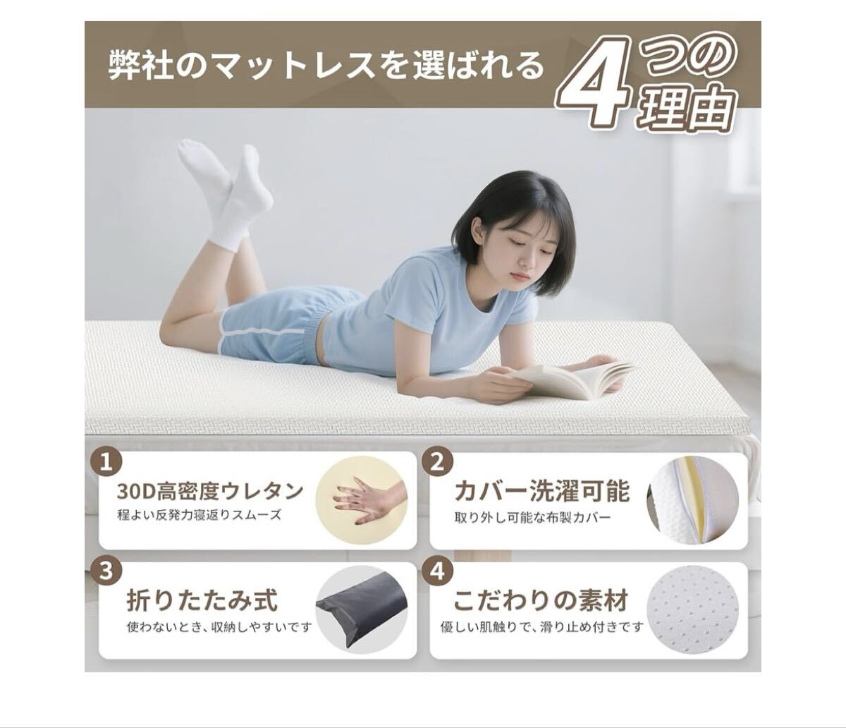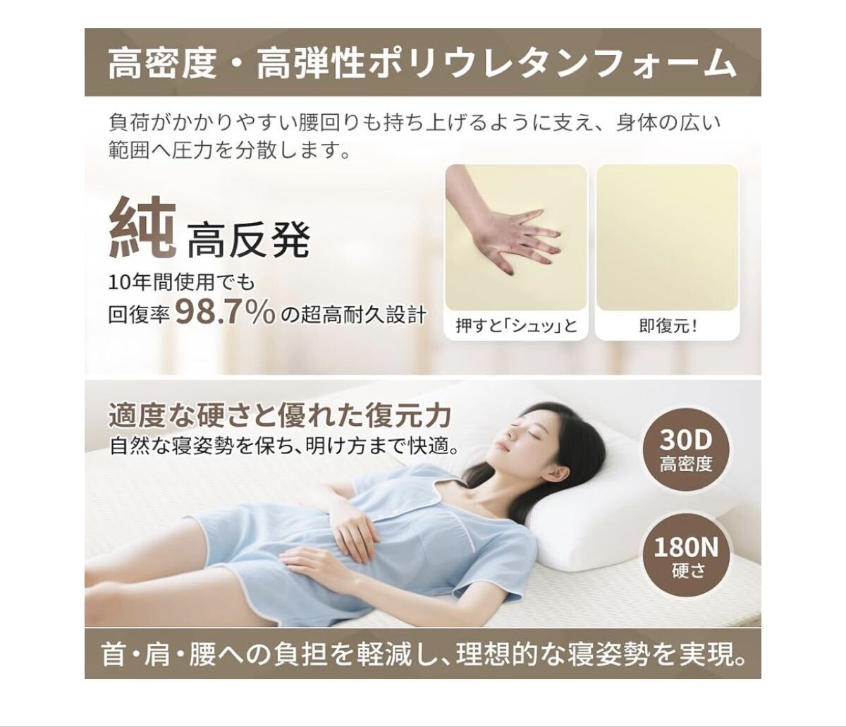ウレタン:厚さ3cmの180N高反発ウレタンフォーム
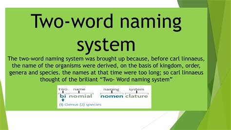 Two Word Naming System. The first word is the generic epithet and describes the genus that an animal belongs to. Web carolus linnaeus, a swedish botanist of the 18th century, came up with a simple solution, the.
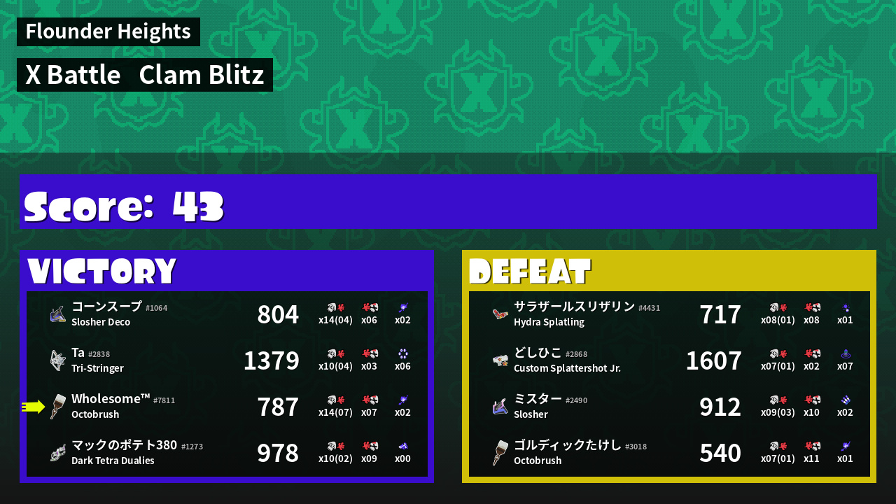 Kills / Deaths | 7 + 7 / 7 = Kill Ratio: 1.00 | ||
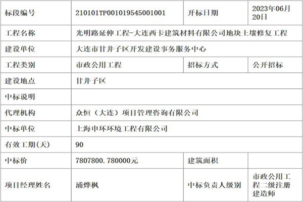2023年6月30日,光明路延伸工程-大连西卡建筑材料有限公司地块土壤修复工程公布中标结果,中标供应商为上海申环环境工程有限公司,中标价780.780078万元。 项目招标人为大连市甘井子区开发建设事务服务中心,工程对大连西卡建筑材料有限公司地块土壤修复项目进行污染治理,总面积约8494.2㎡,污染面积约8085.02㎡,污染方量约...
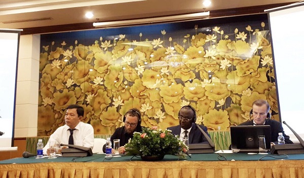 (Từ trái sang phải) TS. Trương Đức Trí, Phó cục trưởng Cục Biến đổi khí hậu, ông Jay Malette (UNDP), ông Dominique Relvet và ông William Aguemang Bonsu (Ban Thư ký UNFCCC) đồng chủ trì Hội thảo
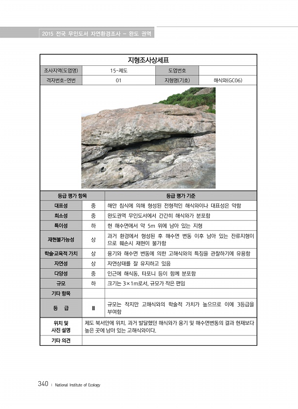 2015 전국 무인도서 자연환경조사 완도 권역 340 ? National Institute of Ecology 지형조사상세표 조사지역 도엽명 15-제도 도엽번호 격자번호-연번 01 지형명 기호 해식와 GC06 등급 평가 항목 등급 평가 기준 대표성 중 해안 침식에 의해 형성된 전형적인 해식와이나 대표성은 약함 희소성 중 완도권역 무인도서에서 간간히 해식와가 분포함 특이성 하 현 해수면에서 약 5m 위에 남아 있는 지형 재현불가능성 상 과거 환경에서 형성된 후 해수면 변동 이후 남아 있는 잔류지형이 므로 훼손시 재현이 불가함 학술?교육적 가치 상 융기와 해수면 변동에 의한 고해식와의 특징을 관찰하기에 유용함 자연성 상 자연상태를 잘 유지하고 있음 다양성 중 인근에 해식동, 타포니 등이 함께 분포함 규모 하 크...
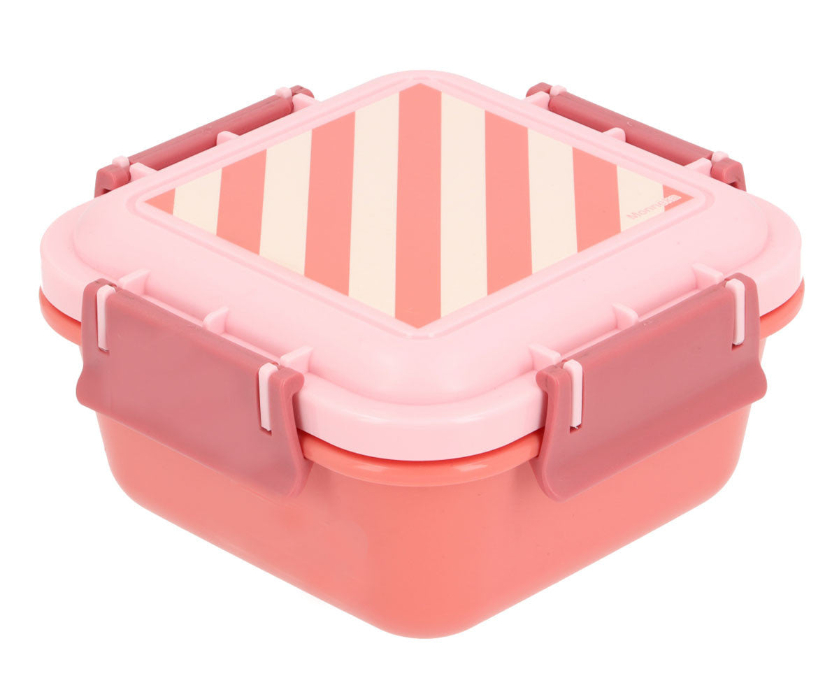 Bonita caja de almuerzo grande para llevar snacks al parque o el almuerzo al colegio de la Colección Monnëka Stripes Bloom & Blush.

++++++++++++++++++++

INSTRUCTIONS FOR THE TASK: Each record should be printed again precisely, though not its pictures.

TASK OUTPUT:
ウレタン:厚さ3cmの180N高反発ウレタンフォーム
 Two Word Naming System. The first word is the generic epithet and describes the genus that an animal belongs to. Web carolus linnaeus, a swedish botanist of the 18th century, came up with a simple solution, the.
 Kills / Deaths | 7 + 7 / 7 = Kill Ratio: 1.00 | ||
2023年6月30日,光明路延伸工程-大连西卡建筑材料有限公司地块土壤修复工程公布中标结果,中标供应商为上海申环环境工程有限公司,中标价780.780078万元。 项目招标人为大连市甘井子区开发建设事务服务中心,工程对大连西卡建筑材料有限公司地块土壤修复项目进行污染治理,总面积约8494.2㎡,污染面积约8085.02㎡,污染方量约...
 (Từ trái sang phải) TS. Trương Đức Trí, Phó cục trưởng Cục Biến đổi khí hậu, ông Jay Malette (UNDP), ông Dominique Relvet và ông William Aguemang Bonsu (Ban Thư ký UNFCCC) đồng chủ trì Hội thảo
 2015 전국 무인도서 자연환경조사 완도 권역 340 ? National Institute of Ecology 지형조사상세표 조사지역 도엽명 15-제도 도엽번호 격자번호-연번 01 지형명 기호 해식와 GC06 등급 평가 항목 등급 평가 기준 대표성 중 해안 침식에 의해 형성된 전형적인 해식와이나 대표성은 약함 희소성 중 완도권역 무인도서에서 간간히 해식와가 분포함 특이성 하 현 해수면에서 약 5m 위에 남아 있는 지형 재현불가능성 상 과거 환경에서 형성된 후 해수면 변동 이후 남아 있는 잔류지형이 므로 훼손시 재현이 불가함 학술?교육적 가치 상 융기와 해수면 변동에 의한 고해식와의 특징을 관찰하기에 유용함 자연성 상 자연상태를 잘 유지하고 있음 다양성 중 인근에 해식동, 타포니 등이 함께 분포함 규모 하 크...
 Bonita caja de almuerzo grande para llevar snacks al parque o el almuerzo al colegio de la Colección Monnëka Stripes Bloom & Blush.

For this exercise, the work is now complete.